I've decided, because I feel like it, to roll my own Collection:: hierarchy. I'm know there's (at least) one on CPAN, but I want to roll my own, then compare to what "The Experts"(tm) have done before me. Call it a masochistically-inspired learning experience.

I'm also nearly done with reading Design Patterns. So, I'm chock-full of vim'n'vinegar and want to use as many patterns as I can as soon as I can.

So, given that a collection might want to utilize different characteristics (unique, bounded, N-dim, sorted, etc) ... I was trying to figure out the best way to structure the hierarchy.

My first idea was to create some sort of Composite, but I rationalized that away as being too complex for my baby steps.

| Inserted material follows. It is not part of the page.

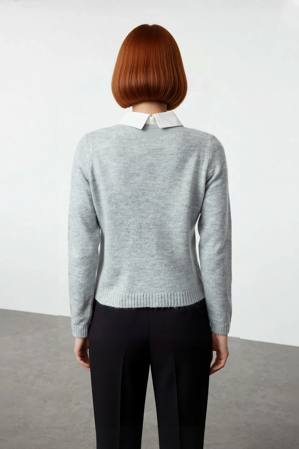 Ürün Özellikleri: Regular kalıp, Akrilik materyal, Nakışlı / İşlemeli desen, Gömlek Yaka Görünümlü, Standart kol, Triko kumaş, Gri renk.

So, I came with the idea of using Decorators. Sorta like the border on a widget. Widget::Border inherits from Widget::Generic, but isn't a standalone widget. It merely adds behavior (or decorates) the widget.

Now, I'm trying to figure out if this behavior should be class- or object-based.

Class-based would have it be done through @ISA. You, the user, would create a Collection::BoundedUniqueColl and have something like:

our @ISA = qw( Collection::Bounded Collection::Unique Collection::Generic );
Then, each of these would overload add(), for example. Collection::Unique would do something like:
sub add { my $self = shift; my $thing = shift; return undef if $self->contains($thing); return $self->SUPER::add($thing); }
And, likewise for all the other decorators.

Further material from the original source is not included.